* AVAILABLE DATA

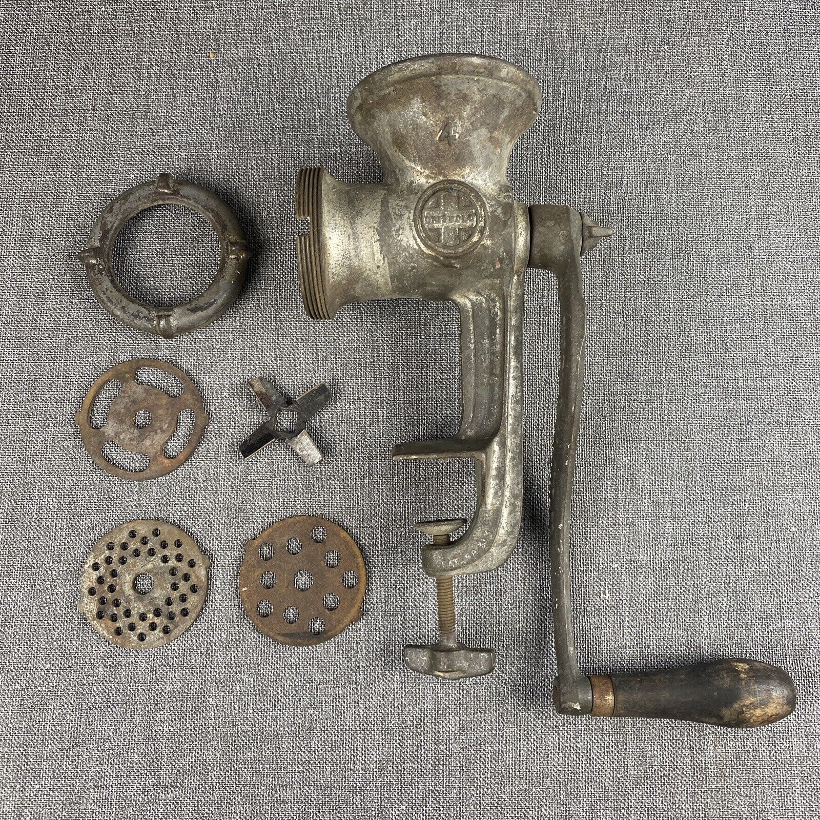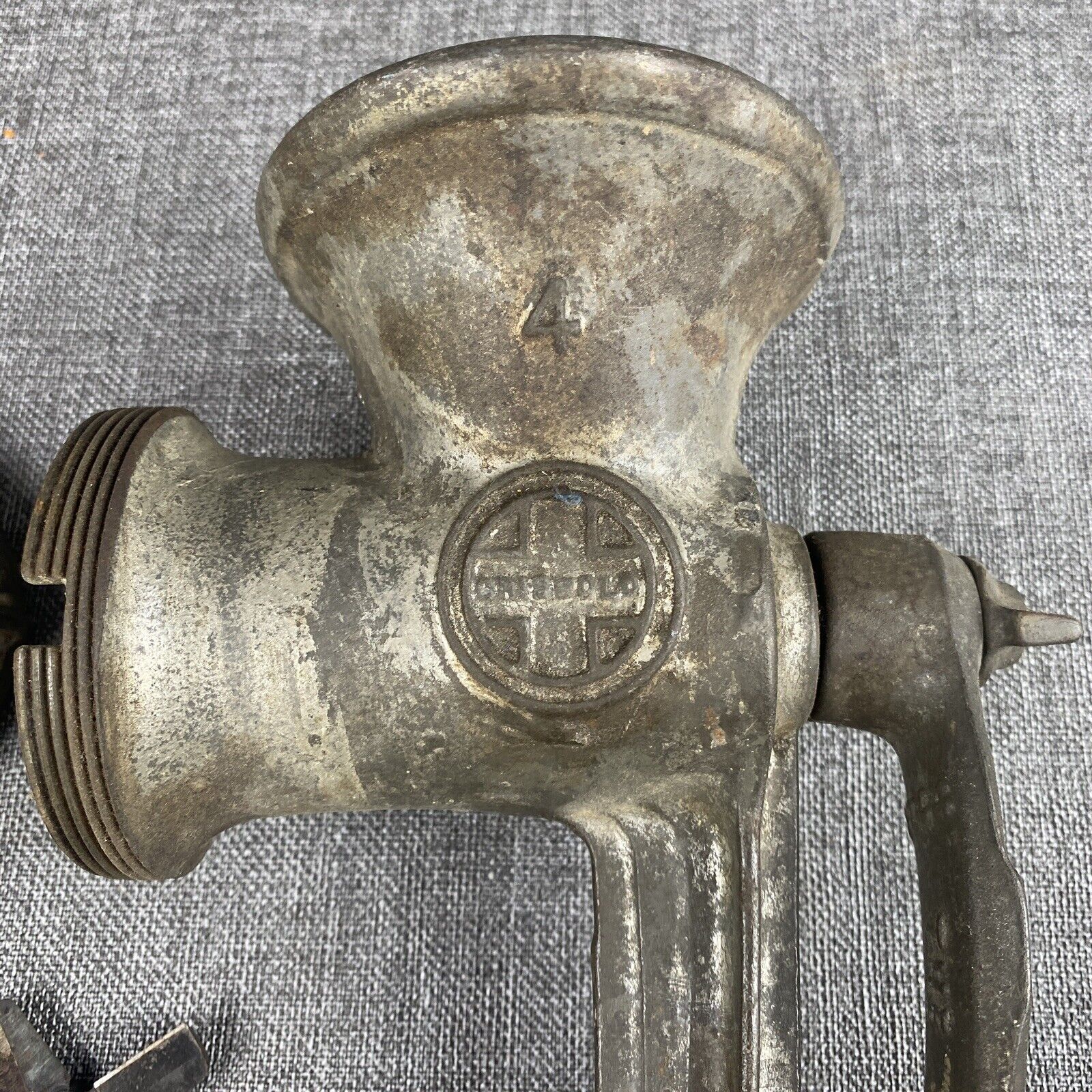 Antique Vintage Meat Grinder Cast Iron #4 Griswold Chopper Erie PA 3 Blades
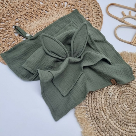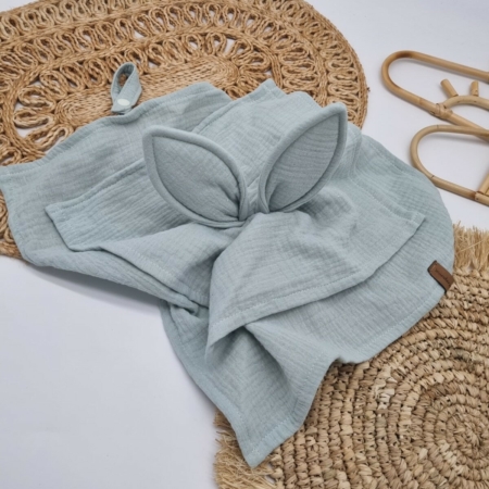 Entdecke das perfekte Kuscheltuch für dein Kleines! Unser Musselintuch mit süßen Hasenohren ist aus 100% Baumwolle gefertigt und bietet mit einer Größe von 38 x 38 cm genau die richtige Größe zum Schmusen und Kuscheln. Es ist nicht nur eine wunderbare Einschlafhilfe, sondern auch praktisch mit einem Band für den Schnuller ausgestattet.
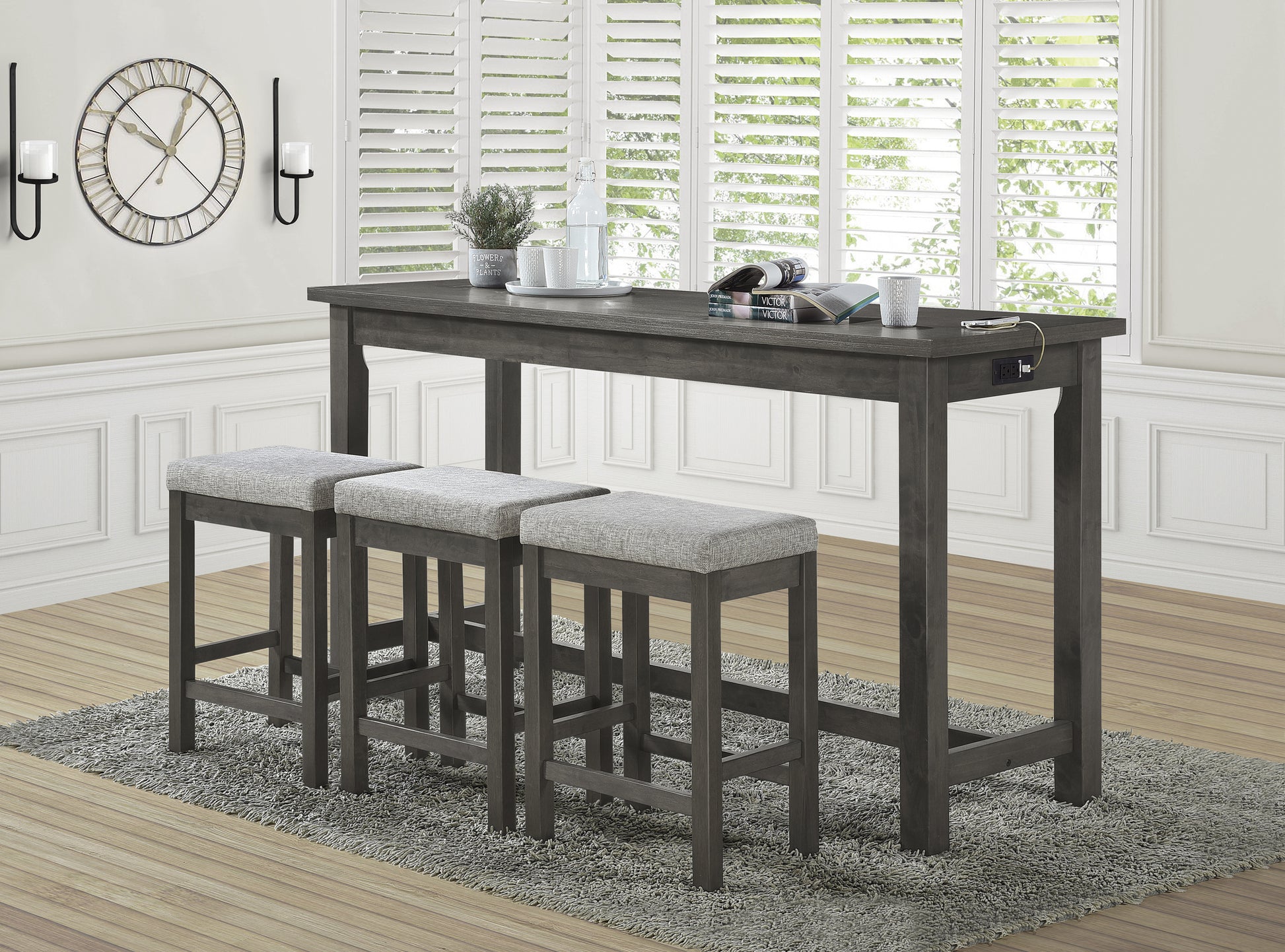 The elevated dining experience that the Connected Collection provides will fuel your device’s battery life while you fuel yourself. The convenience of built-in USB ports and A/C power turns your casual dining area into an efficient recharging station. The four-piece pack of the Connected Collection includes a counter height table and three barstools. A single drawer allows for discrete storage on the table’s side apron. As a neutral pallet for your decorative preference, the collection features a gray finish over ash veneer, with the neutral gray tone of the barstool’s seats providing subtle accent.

* WORK REQUIRED
Each line, from the beginning of the listing to the line bearing "Entdecke das perfekte" inclusive, should be copied exactly; the pictures stay out.

* ANSWER BELOW
 Antique Vintage Meat Grinder Cast Iron #4 Griswold Chopper Erie PA 3 Blades
 Entdecke das perfekte Kuscheltuch für dein Kleines! Unser Musselintuch mit süßen Hasenohren ist aus 100% Baumwolle gefertigt und bietet mit einer Größe von 38 x 38 cm genau die richtige Größe zum Schmusen und Kuscheln. Es ist nicht nur eine wunderbare Einschlafhilfe, sondern auch praktisch mit einem Band für den Schnuller ausgestattet.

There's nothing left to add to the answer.